*** Opening of INFORMATION GIVEN ***

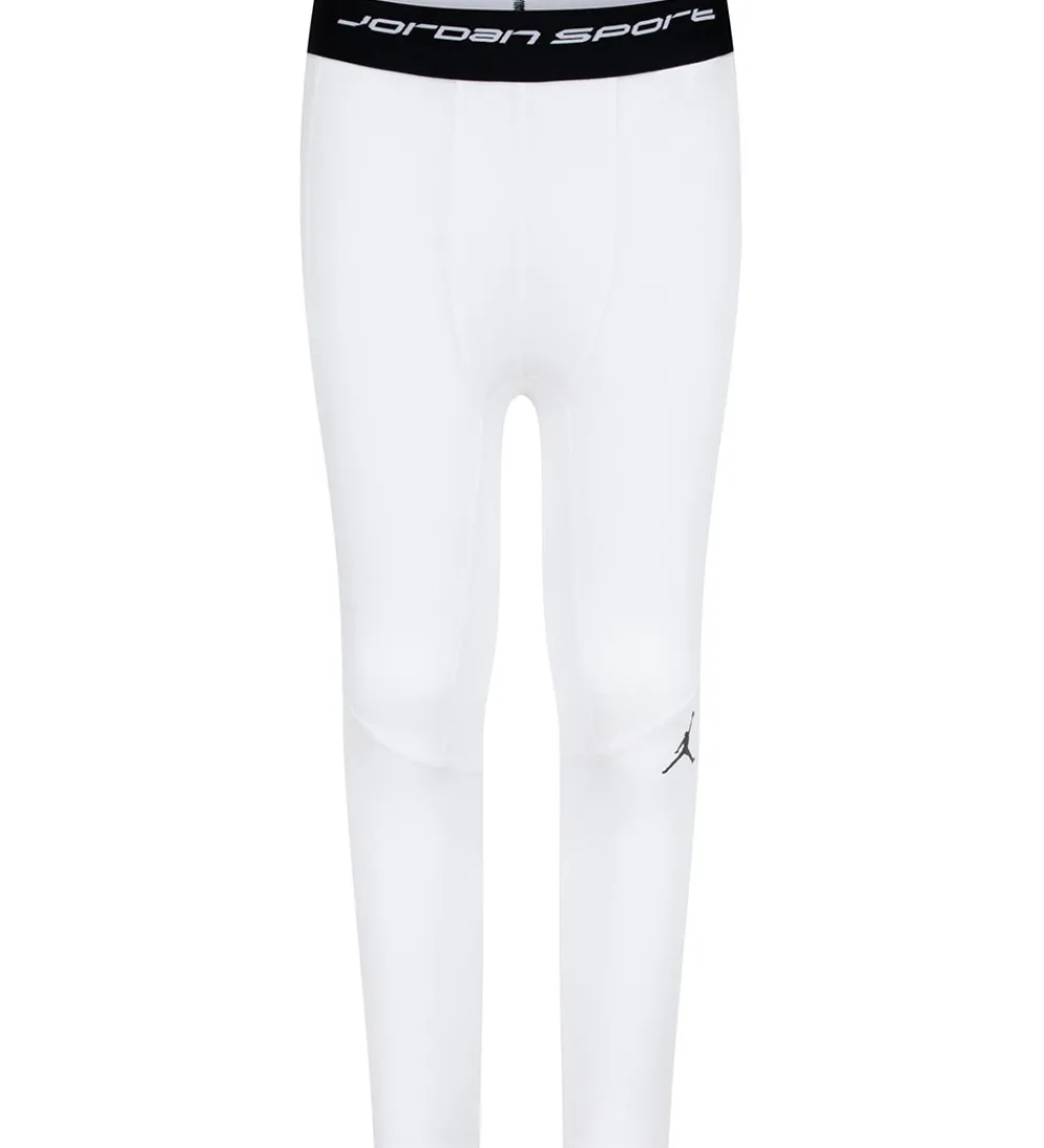 Friske Jordan leggings i en klar hvid nuance med et klassisk logoprint på siden. Disse leggings har en tætsiddende pasform, der giver en let og komfortabel fornemmelse under sport og aktiviteter.
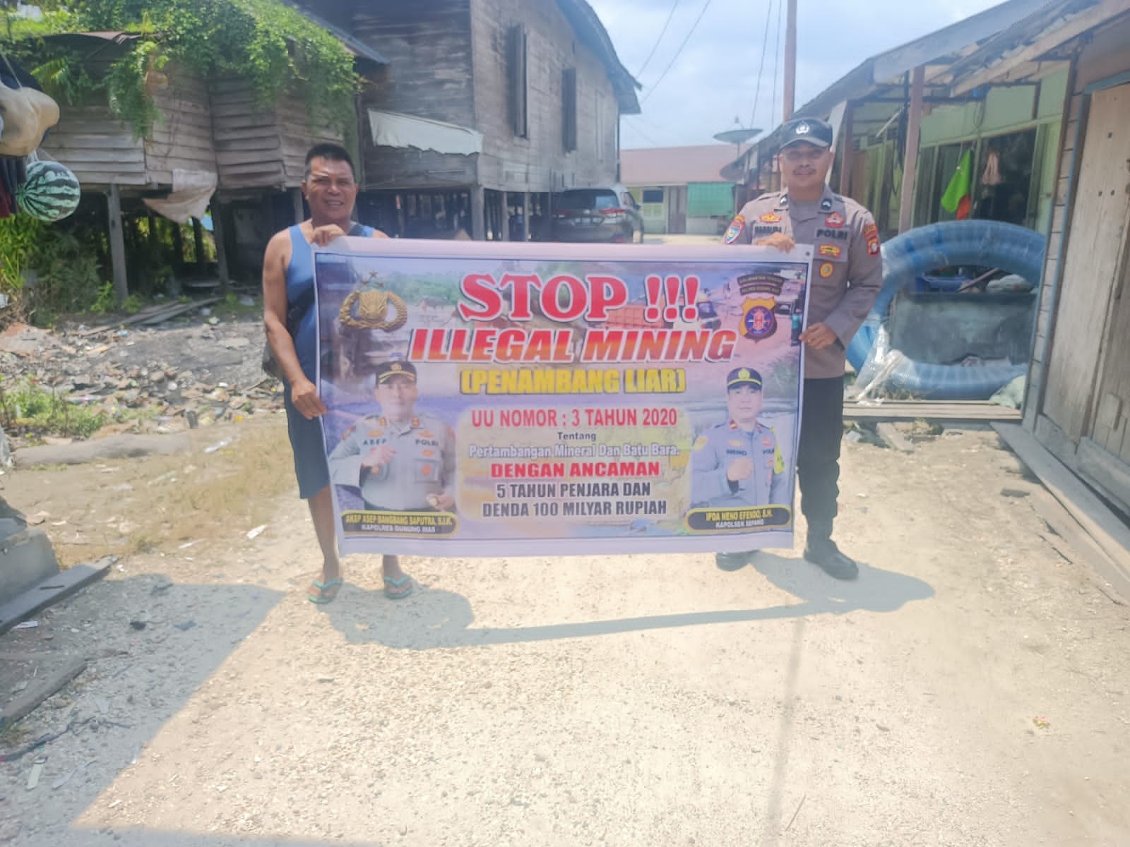 Kapolsek Sepang Ipda Neno Efendo mengatakan Personel Polsek Sepang membentangkan spanduk bertuliskan “ Stop Ilegal Mining serta sanksi pidana” Pasal 158 Undang Undang No.4 tahun 2009 Pidana Penjara 10 tahun dan denda 10 paling banyak 10 Milyar memberikan himbauan bersama-sama dalam menanggulangi Ilegal Mining.
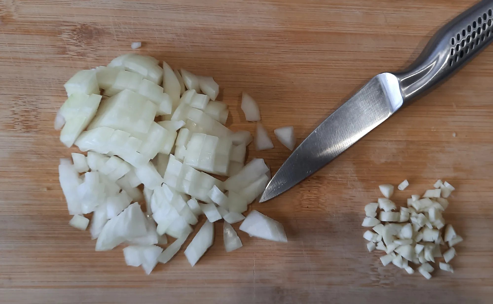 Нарезаем две небольших домашних луковицы и пару-тройку зубчиков чеснока
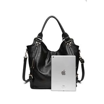 Women Tote Bag Handbags PU Leather Fashion Hobo Shoulder Bags with Adjustable Shoulder Strap, L, Black
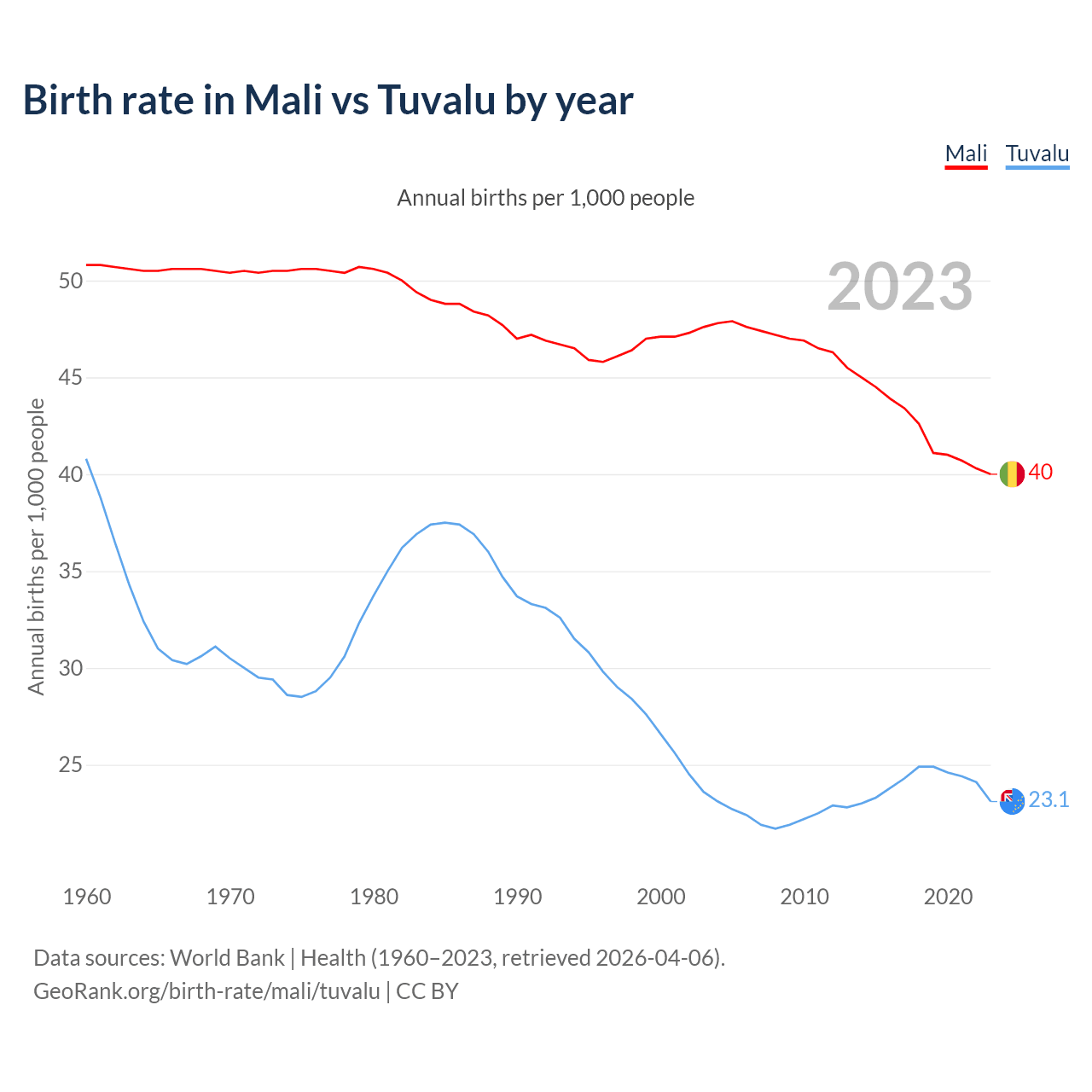 Mali has an annual birth rate of 40 births per 1,000 people, compared to 23.1 for Tuvalu. The average number of children a woman is expected to have during her lifetime — the fertility rate, is 5.61 in Mali and 3.21 in Tuvalu — 42.9% difference.

*** Close of INFORMATION GIVEN ***

**INSTRUCTIONS TO FOLLOW**
Leave out the pictures and repeat exactly the lines from the one containing "Нарезаем две небольших" through the last line of the entries.

**COMPLETED TASK**
 Нарезаем две небольших домашних луковицы и пару-тройку зубчиков чеснока
 Women Tote Bag Handbags PU Leather Fashion Hobo Shoulder Bags with Adjustable Shoulder Strap, L, Black
 Mali has an annual birth rate of 40 births per 1,000 people, compared to 23.1 for Tuvalu. The average number of children a woman is expected to have during her lifetime — the fertility rate, is 5.61 in Mali and 3.21 in Tuvalu — 42.9% difference.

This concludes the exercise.